Openings: Our lab is looking for passionate and highly motivated Postdoc Researchers and PhD students. Several positions will be available in energy storage areas, including but not limited to:
- Advanced Battery Management System:
- Physics-informed machine learning for battery condition monitoring
- State and parameter estimation at battery string and pack levels
- Novel power electronics solutions for managing substantial, heterogeneous battery cells
- Data-driven methods for: 1) detecting cell-level faults in battery packs; 2) estimating battery remaining useful life; and 3) fast evaluating/classifying the used battery cells
Preferred Qualifications: Applicants are expected to have BS/MS/PhD degrees in Electrical Engineering, Control and Automation, Power and Energy, Applied Mathematics, Automotive Engineering, or other related fields.

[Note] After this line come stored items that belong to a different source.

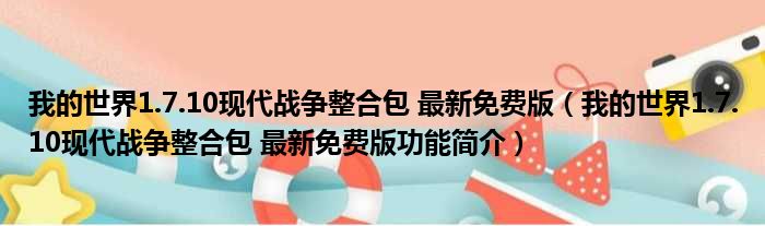 导读 大家好,关于我的世界1 7 10现代战争整合包 最新免费版,我的世界1 7 10现代战争整合包 最新免费版功能简介这个很多人还不知道,小勒来为大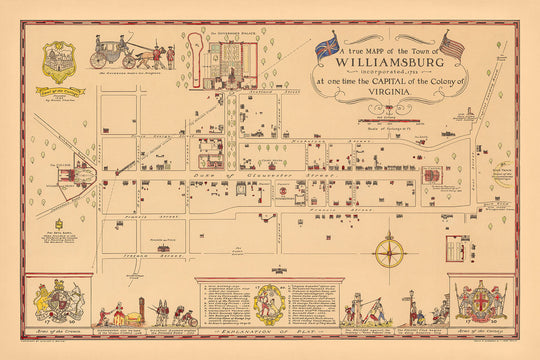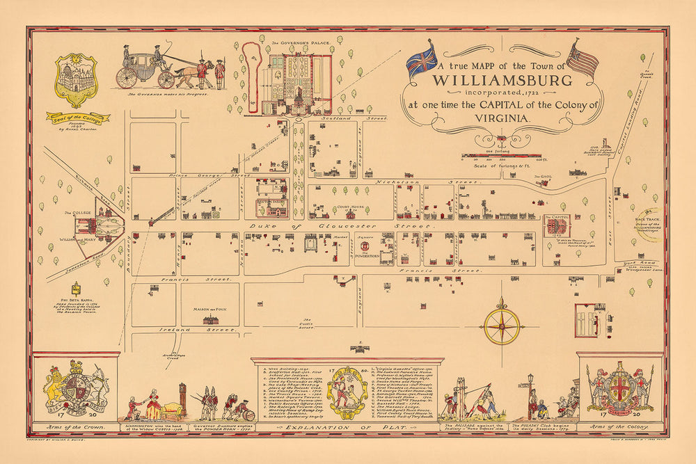 - Color pictorial map of Williamsburg, once the capital of Virginia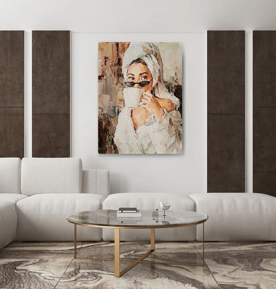 Stellen Sie sich vor: eine gemütliche Ecke in Ihrem Zuhause, vielleicht die Küche oder der Platz am Fenster. Jetzt stellen Sie sich vor, dass Sie diesen Leinwanddruck aufhängen, auf dem eine Frau zu sehen ist, die ihre Tasse Freude genießt. Mit einem Handtuch auf dem Kopf und einer Sonnenbrille, die schreit: “So bin ich aufgewacht”, hat sie eine mühelos schicke Ausstrahlung. Die warmen Farben spielen schön zusammen, rufen ein Gefühl der Ruhe hervor und laden zum Verschnaufen ein. Perfekt für eine Kaffee-Ecke oder einen Raum, der einen Hauch von Eleganz und Spaß braucht, spricht dieses Stück zu jenen ruhigen Momenten, die wir alle schätzen. Ob Kaffee oder Tee, dieses Kunstwerk regt zum Innehalten an und ist damit ein schöner Begleiter im Alltag.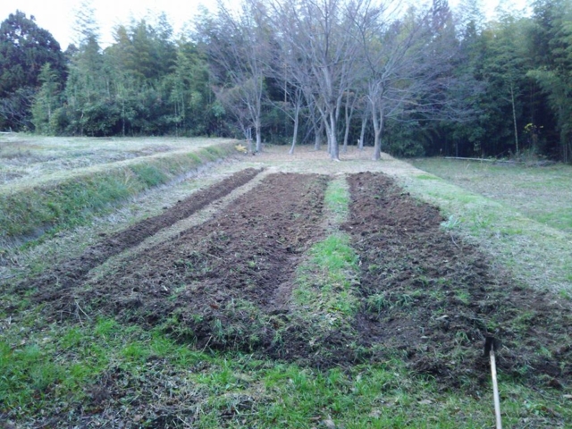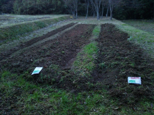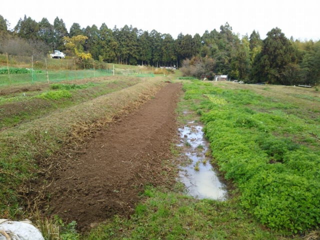 昨日は雨が降ったりやんだりしている中、どうにか30mの畝たて終わらせました。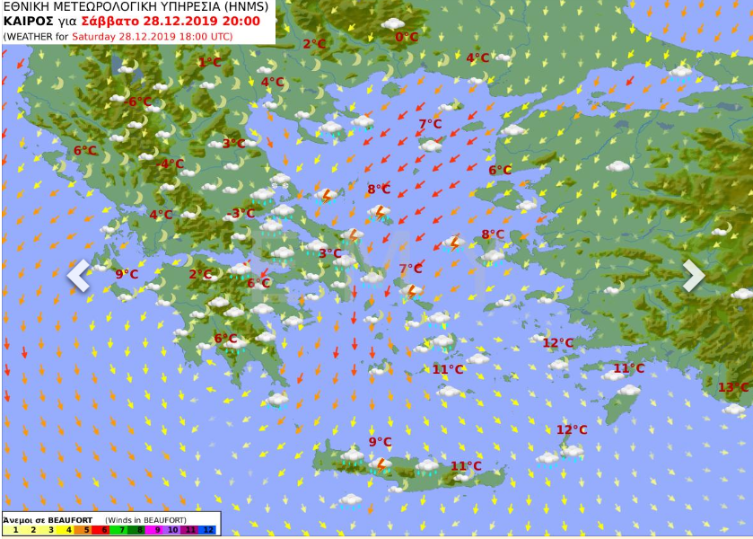 Θερμοκρασία: Από 00 έως 09 βαθμούς Κελσίου. Στη δυτική Μακεδονία 4 με 5 βαθμούς χαμηλότερη.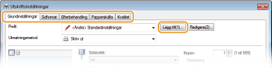 Ändra utskriftsinställningarna efter behov på flikarna [Grundinställningar], [Sidformat], [Efterbehandling], [Papperskälla] och [Kvalitet].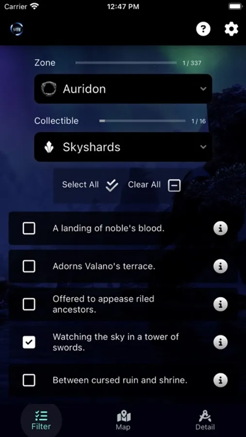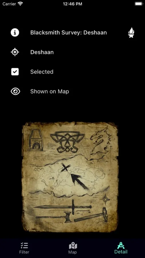 Items can be located on their respective zone maps and ticked off as they are completed. Treasure map and survey detail can be viewed for each item as you hunt to save you time opening and closing your inventory. You can also find missing Mages Guild books and Skyshards while completing surveys.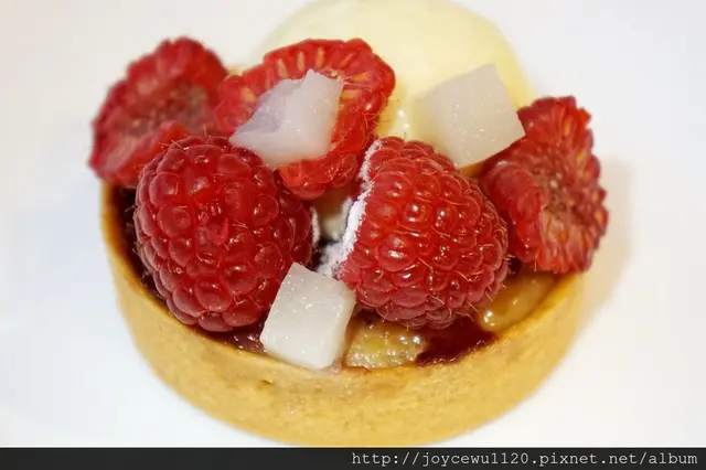 杏仁塔 玫瑰覆盆莓果醬 新鮮覆盆莓,白色的球是馬斯卡邦起司 荔枝果凍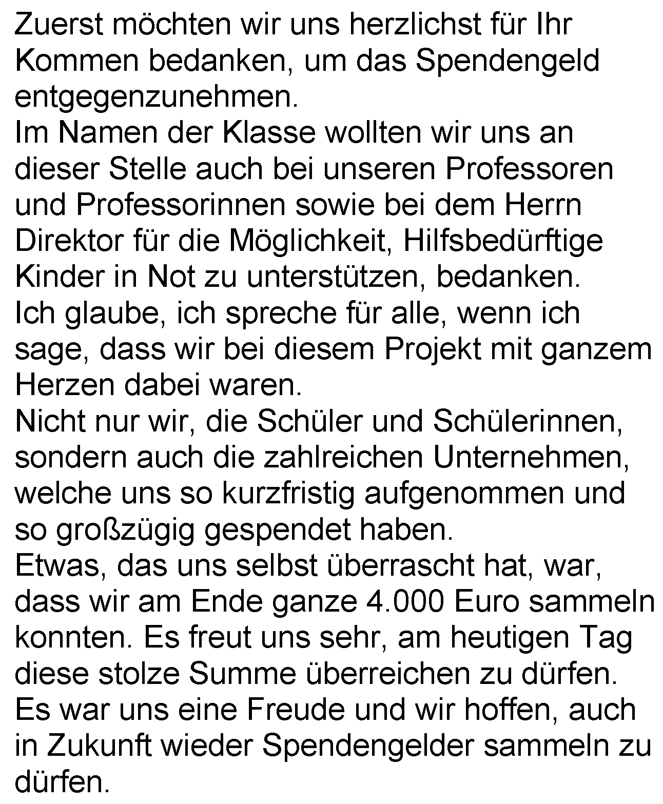 Nebst einer netten Ansprache vom Klassensprecher der 4B gab es den Spendenscheck, das Bargeld und ein Gruppenbild.
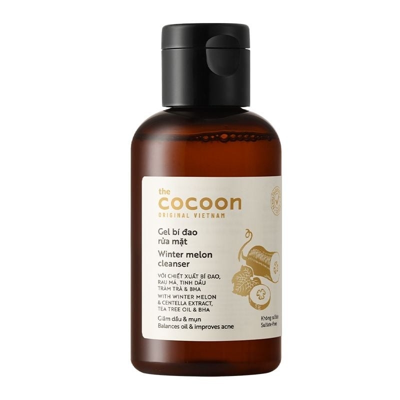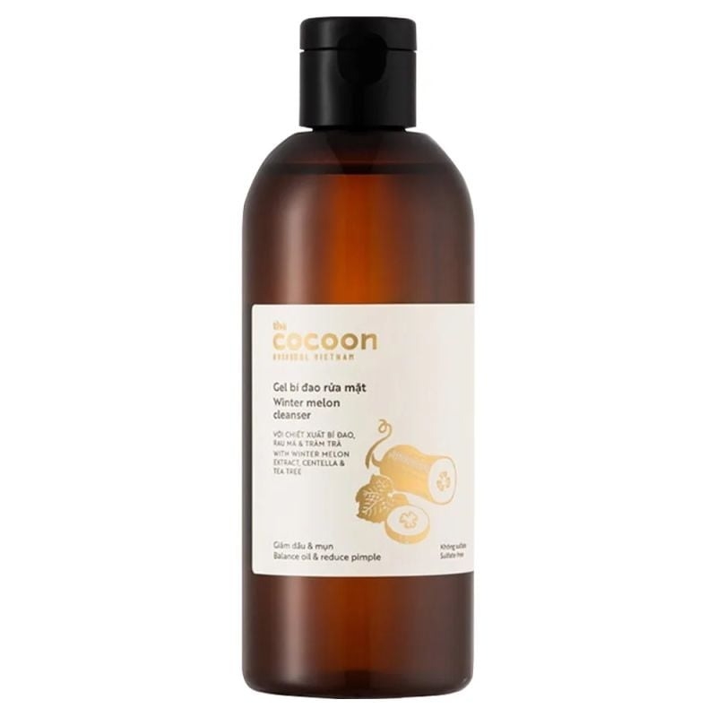 Gel Rửa Mặt Cocoon Bí Đao Hỗ Trợ Giảm Dầu Và Mụn Winter Melon Cleanser là gel rửa mặt với các thành phần gồm bí đao, rau má, tràm trà, bổ sung thêm vitamin B3, B5 và Betaine và có độ pH 5.5 giúp làm sạch sâu bụi bẩn và dầu thừa, ngăn ngừa hình thành mụn ẩn mà vẫn giữ được độ ẩm mịn tự nhiên và không gây khô căng da sau khi sử dụng thuộc thương hiệu mỹ phẩm thuần chay Cocoon đến từ Việt Nam.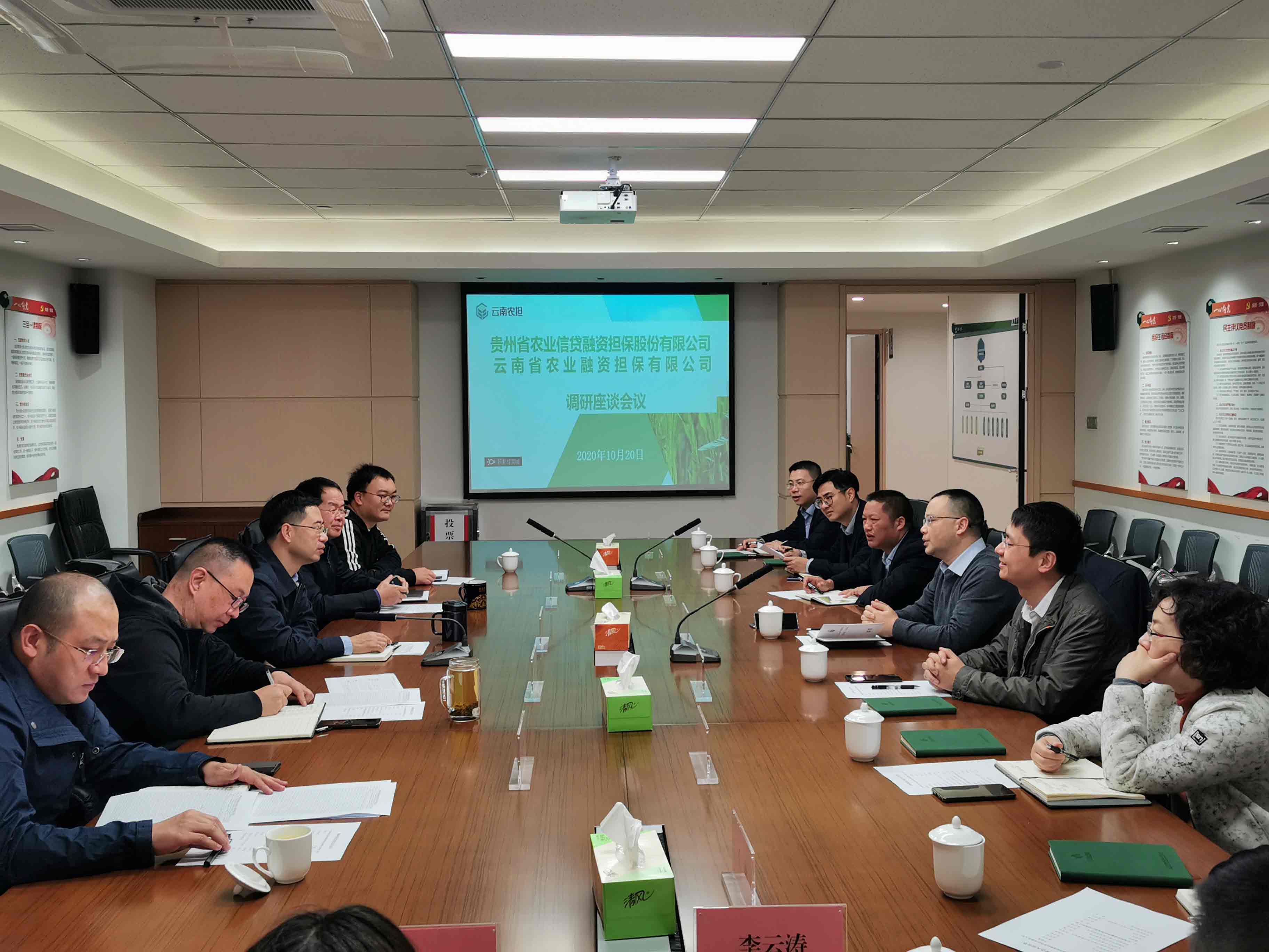 10月19日-20日,貴州農(nóng)擔(dān)公司董事長(zhǎng)羅道斌、副總經(jīng)理唐方宇、風(fēng)控總監(jiān)祖文周一行赴云南農(nóng)擔(dān)調(diào)研交流。云南農(nóng)擔(dān)公司董事長(zhǎng)郭影、總經(jīng)理杜開波、副總經(jīng)理廖寅皓率農(nóng)擔(dān)一部、風(fēng)控部、戰(zhàn)略部與貴州農(nóng)擔(dān)公司進(jìn)行了交流座談。

Prospective candidates, including visiting PhD students in related areas, are welcome to contact Dr. Song at [email protected] with your CV, transcripts, and a 1-page cover letter introducing your research background and interest. Please kindly note that due to the high volume of inquiries, I may not be able to respond to everyone. However, I will carefully review each email and will get back to you ASAP if your qualifications align well with current opportunities.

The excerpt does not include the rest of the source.